**What you are asked to do**. The reply to the records below should contain exactly the lines from the line with "Shoe Washing Machine" through the line with "Icelolly Wool Double-Sided", and nothing besides.

**Records for the task**.

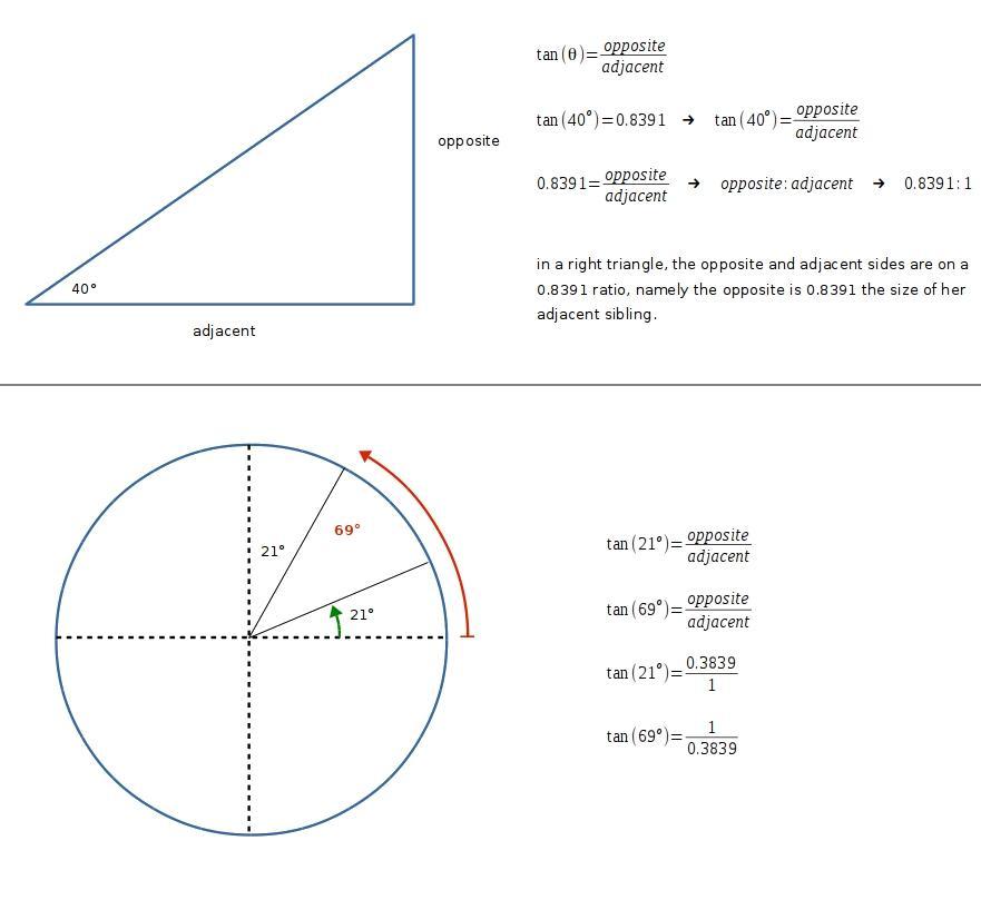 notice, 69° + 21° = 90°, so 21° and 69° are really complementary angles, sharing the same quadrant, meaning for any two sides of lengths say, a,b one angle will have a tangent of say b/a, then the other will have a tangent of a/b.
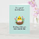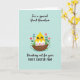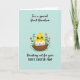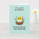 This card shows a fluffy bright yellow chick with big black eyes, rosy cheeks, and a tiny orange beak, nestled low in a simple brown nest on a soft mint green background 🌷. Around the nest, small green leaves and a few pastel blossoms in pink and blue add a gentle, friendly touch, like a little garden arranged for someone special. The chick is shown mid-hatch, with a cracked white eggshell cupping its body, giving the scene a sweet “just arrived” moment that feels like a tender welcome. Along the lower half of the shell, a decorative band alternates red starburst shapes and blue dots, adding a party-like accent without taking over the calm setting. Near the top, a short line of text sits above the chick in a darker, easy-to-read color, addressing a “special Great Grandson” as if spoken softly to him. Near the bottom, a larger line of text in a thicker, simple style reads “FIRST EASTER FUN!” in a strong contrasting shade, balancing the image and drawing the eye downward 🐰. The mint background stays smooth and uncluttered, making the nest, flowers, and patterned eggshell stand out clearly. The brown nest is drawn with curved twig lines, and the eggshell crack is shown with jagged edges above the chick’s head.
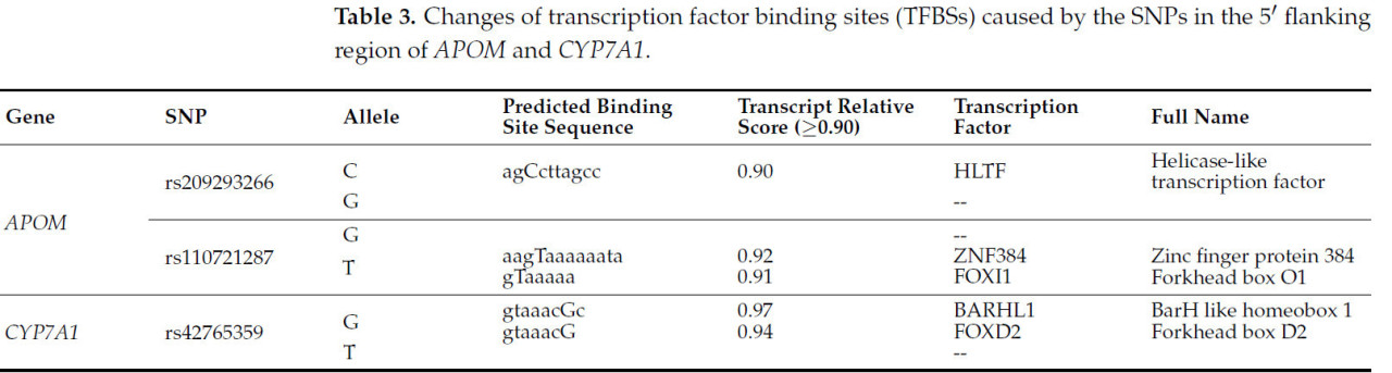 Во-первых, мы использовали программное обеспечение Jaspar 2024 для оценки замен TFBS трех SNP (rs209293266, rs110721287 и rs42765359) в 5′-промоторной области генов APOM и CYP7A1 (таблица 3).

---

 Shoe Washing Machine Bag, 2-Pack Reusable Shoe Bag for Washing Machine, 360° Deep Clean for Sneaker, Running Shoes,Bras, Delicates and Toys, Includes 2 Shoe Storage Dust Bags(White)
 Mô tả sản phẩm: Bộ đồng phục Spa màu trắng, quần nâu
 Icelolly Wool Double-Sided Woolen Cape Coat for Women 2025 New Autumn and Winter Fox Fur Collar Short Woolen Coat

* * *

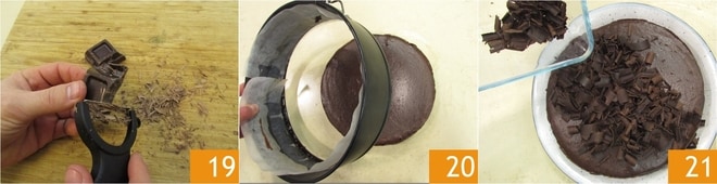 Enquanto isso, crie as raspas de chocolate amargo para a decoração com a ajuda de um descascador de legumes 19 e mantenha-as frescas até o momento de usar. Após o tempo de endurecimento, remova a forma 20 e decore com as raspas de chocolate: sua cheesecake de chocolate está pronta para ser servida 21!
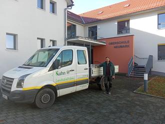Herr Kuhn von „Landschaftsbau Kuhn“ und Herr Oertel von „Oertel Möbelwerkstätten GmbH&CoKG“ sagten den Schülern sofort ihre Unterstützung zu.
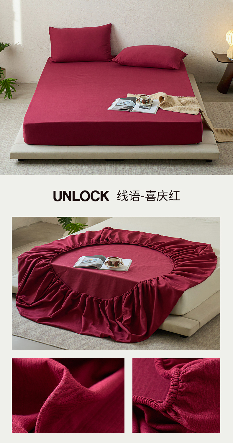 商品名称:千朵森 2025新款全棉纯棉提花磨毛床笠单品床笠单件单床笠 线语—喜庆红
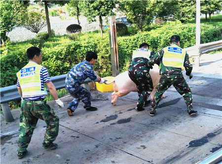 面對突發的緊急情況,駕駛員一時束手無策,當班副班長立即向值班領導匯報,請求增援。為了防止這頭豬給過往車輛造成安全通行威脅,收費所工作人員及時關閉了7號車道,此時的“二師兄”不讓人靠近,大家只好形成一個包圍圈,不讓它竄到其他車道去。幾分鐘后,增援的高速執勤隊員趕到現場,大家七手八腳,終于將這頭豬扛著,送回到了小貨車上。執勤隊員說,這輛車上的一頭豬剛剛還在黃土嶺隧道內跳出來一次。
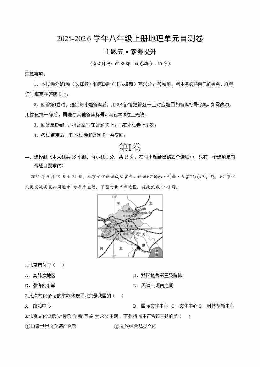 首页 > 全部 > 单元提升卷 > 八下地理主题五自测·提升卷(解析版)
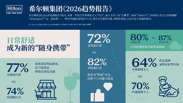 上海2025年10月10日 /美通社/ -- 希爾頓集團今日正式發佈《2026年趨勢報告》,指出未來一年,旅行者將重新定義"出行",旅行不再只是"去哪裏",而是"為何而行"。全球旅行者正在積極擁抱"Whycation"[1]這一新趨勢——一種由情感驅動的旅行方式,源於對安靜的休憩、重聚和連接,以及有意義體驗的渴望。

**Output of the task**.
 Shoe Washing Machine Bag, 2-Pack Reusable Shoe Bag for Washing Machine, 360° Deep Clean for Sneaker, Running Shoes,Bras, Delicates and Toys, Includes 2 Shoe Storage Dust Bags(White)
 Mô tả sản phẩm: Bộ đồng phục Spa màu trắng, quần nâu
 Icelolly Wool Double-Sided Woolen Cape Coat for Women 2025 New Autumn and Winter Fox Fur Collar Short Woolen Coat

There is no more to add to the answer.